From war-torn Liberia to Austen’s England…

by Northlight Theatre

from BJ Jones, Artistic Director

As we come to the close of our beautiful and moving production of Eclipsed and ready ourselves to present Jane Austen’s Sense & Sensibility it strikes me that both of these plays have a resonance with each other that is not readily apparent. Eclipsed tells the story of women oppressed by war, abused indeed tortured by circumstance and their oppressors, finding mutual support and resilience in the cocoon of relationships they have built to insulate them against their world.

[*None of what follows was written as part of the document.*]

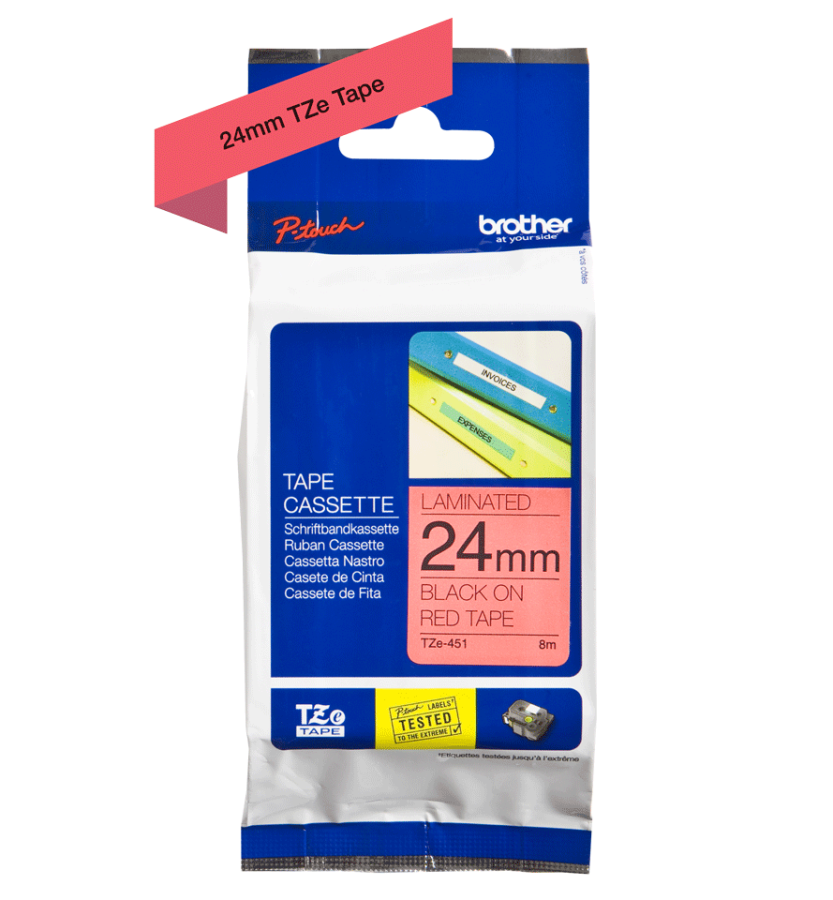 Notify me when its in stockÜrün Adı : Brother TZE-451 Kırmızı Üzerine Siyah Orjinal Etiket 24mm x 8m - PT-D60

In Sense & Sensibility, a book written 200 years ago, the subtle oppression, cloaked under a mask of social civility is no less shocking or heart rending. The economic pressure, the class structure, the manipulation between the sexes is both shocking and in the distance of time oddly amusing to us now, when in fact it is just as painful and disgraceful.

But Sense & Sensibility is a play which moves dancelike across the water of the narrative, lifting us up giddily through style and poetry, lightly touching on matters of the heart, and not plunging us deeply into grittier realities.

Jon Jory’s stylish production serves up the froth and playfulness, while we become increasingly aware of the tension between the haves and the have-nots. Balls and crinolines only serve to mask the aching awareness of the life and death gambit of class and fortune, fully at play in the early 1800s. The middle class then, like now, was struggling to its feet and to find its place in the sun.

So much of Austen’s work has found resonance for us, which may explain the continued popularity of Pride and Prejudice, and certainly Sense & Sensibility. Last year we did a reading of Jon’s adaptation of Emma and we felt that a young rich girl meddling in the lives of those who were not as privileged would not be suitable in these strained economic times.

Sense & Sensibility however felt very right, a family of women fallen on hard times straining to survive in a culture that neither supports them nor even acknowledges their needs. In the latest round of budget cuts, belt tightening, and the harsh alternatives all of us are facing, Jane Austen’s world seems not in the distant past, but up close and very personal.